A brief Vatican statement said Cardinal Gerhard Ludwig Mueller's five-year mandate as head of the Congregation for the Doctrine of the Faith, a department charged with defending Catholic doctrine, would not be renewed.
The position is the most important one that a pope fills in the Vatican hierarchy after the Secretary of State. Most incumbents keep it until they retire, which in Mueller's case would have been in six years.
Mueller, 69, who was appointed by former Pope Benedict in 2012, will be succeeded by the department's number two, Archbishop Luis Francisco Ladaria Ferrer.
Ladaria, a 73-year-old Spaniard who, like the Argentine pope is a member of the Jesuit order, is said by those who know him to be a soft-spoken person who shuns the limelight. Mueller, by contrast, often appears in the media.
"They speak the same language and Ladaria is someone who is meek.

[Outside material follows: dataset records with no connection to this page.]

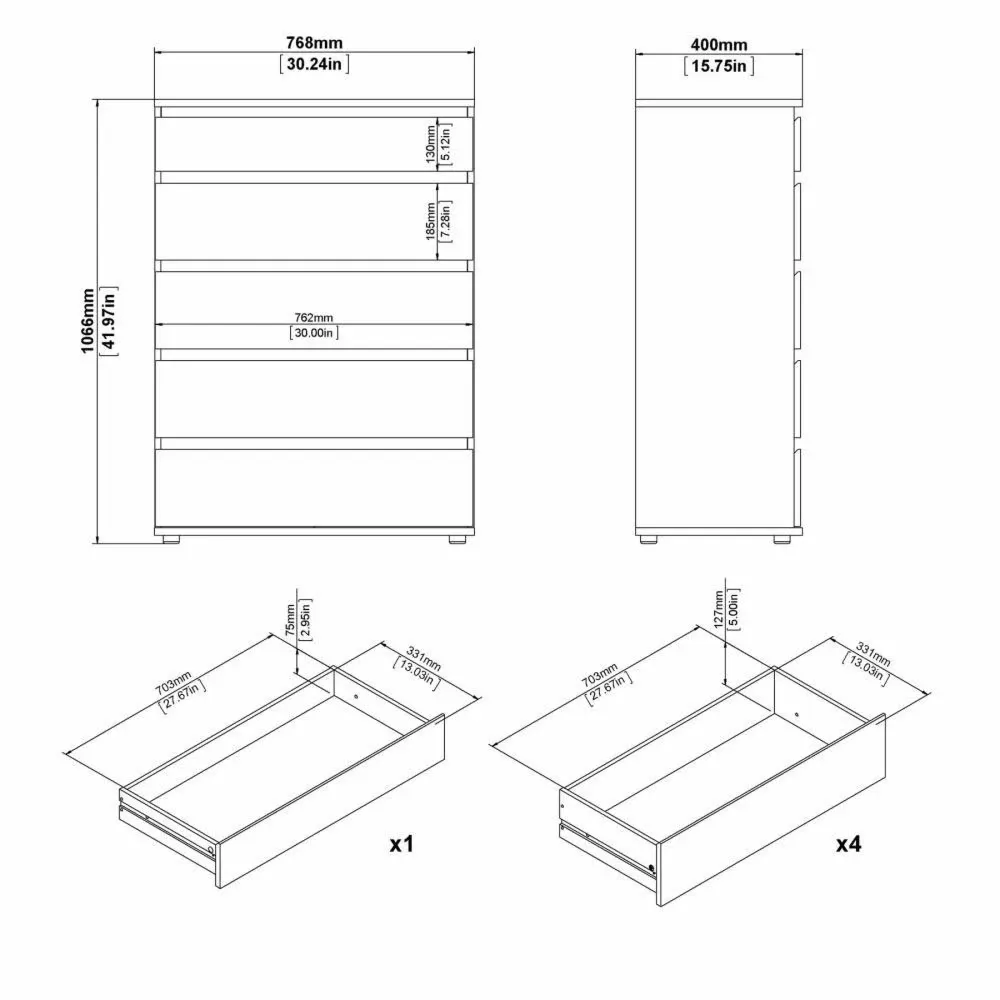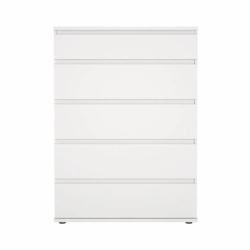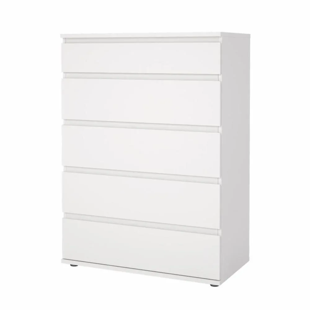 Bellissima cassettiera colore Bianco composta da cinque cassetti. La sua grafica così fine ed elegante permette di essere inserita o in una camera da letto o in una cameretta o in una zona living.
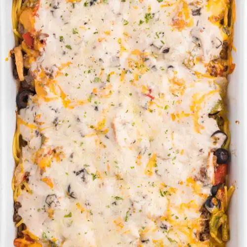 Pour about half of the spaghetti mixture into your prepared baking dish and spread it out evenly. Sprinkle about half of the shredded mozzarella cheese over this layer. Then, spoon the remaining spaghetti mixture on top and spread it out. Finally, sprinkle the rest of the mozzarella cheese evenly over the top, making sure to get it all the way to the edges. You can also add a little extra sprinkle of Parmesan cheese on top if you’re feeling extra cheesy!
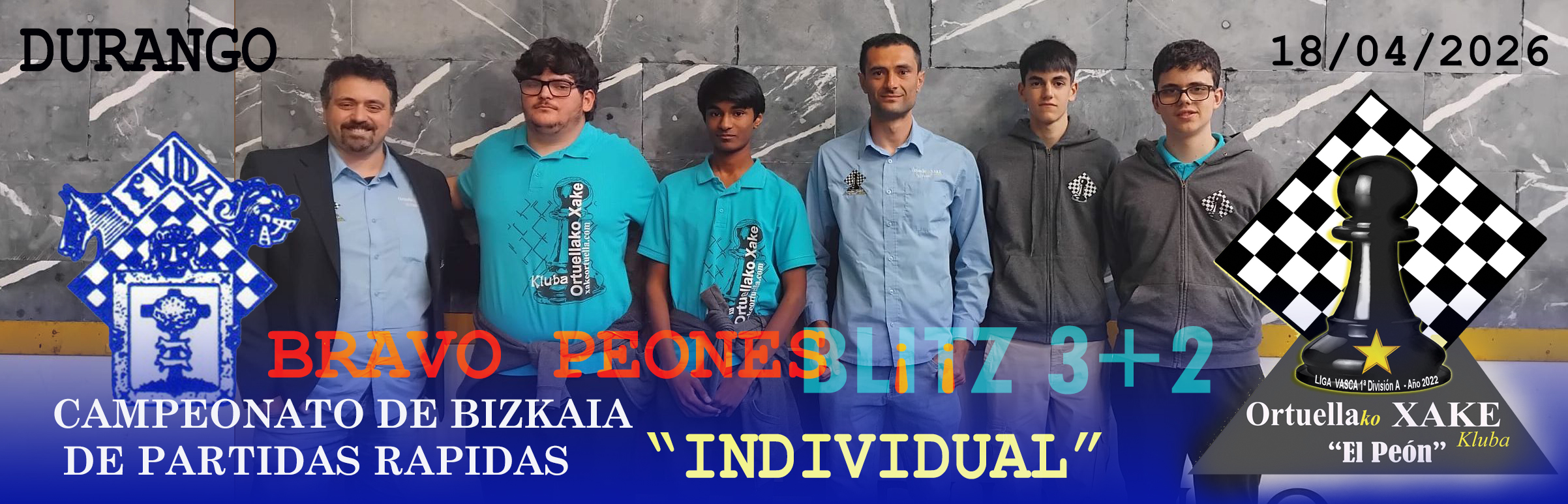 Ayer sábado día 18/04/2025, organizado por la Federación BIZKAIA de ajedrez (FVDA) se disputó en Durango en el Frontón San Fausto de Durango (Evaristo Bustinza Kirikiño, 11) el campeonato de Bizkaia INDIVIDUAL de partidas rápidas Blitz, a un ritmo trepidante y emocionante de 3+2. A las 16:00 horas empezó la acción¡¡
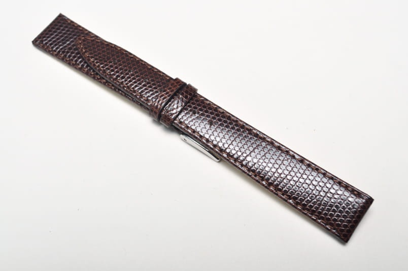 Wykonany z naturalnej skóry jaszczurki. Błyszczący, lakierowany. Miękki i elastyczny. Obszyty nicią w kolorze paska. Podwójna szlufka. Stalowa klamerka. Grubość paska 2,2 mm. Zwężający się pasek do klasycznych zegarków.
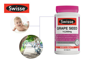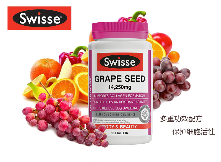 Swisse 澳洲葡萄籽精華天然抗氧化,富含維生素C和血橙,有利于皮膚健康以及膠原蛋白產生。
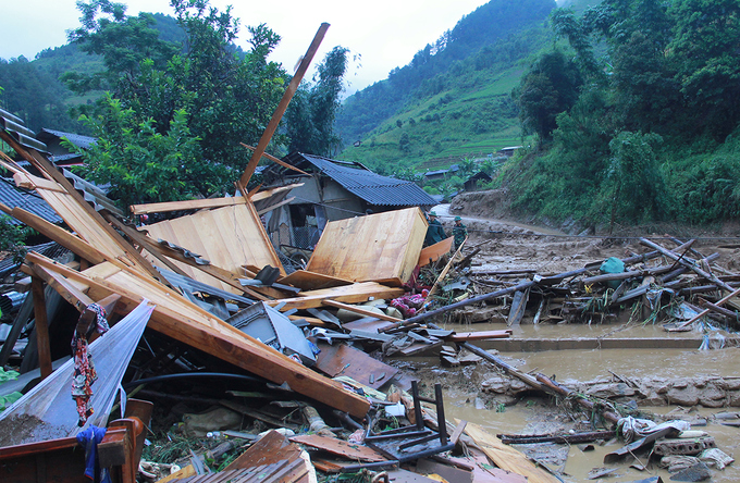 Nhiều nhà dân bị sập hoàn toàn. Ảnh: VnExpress |

He does not agitate the pope and does not threaten him," said a priest who works in the Vatican and knows both Mueller and Ladaria, asking not to be named.
Since his election in 2013, Francis has given hope to progressives who want him to forge ahead with his vision for a more welcoming Church that concentrates on mercy rather than the strict enforcement of rigid rules they see as antiquated.
Mueller is one of several cardinals in the Vatican who have publicly sparred with the pope.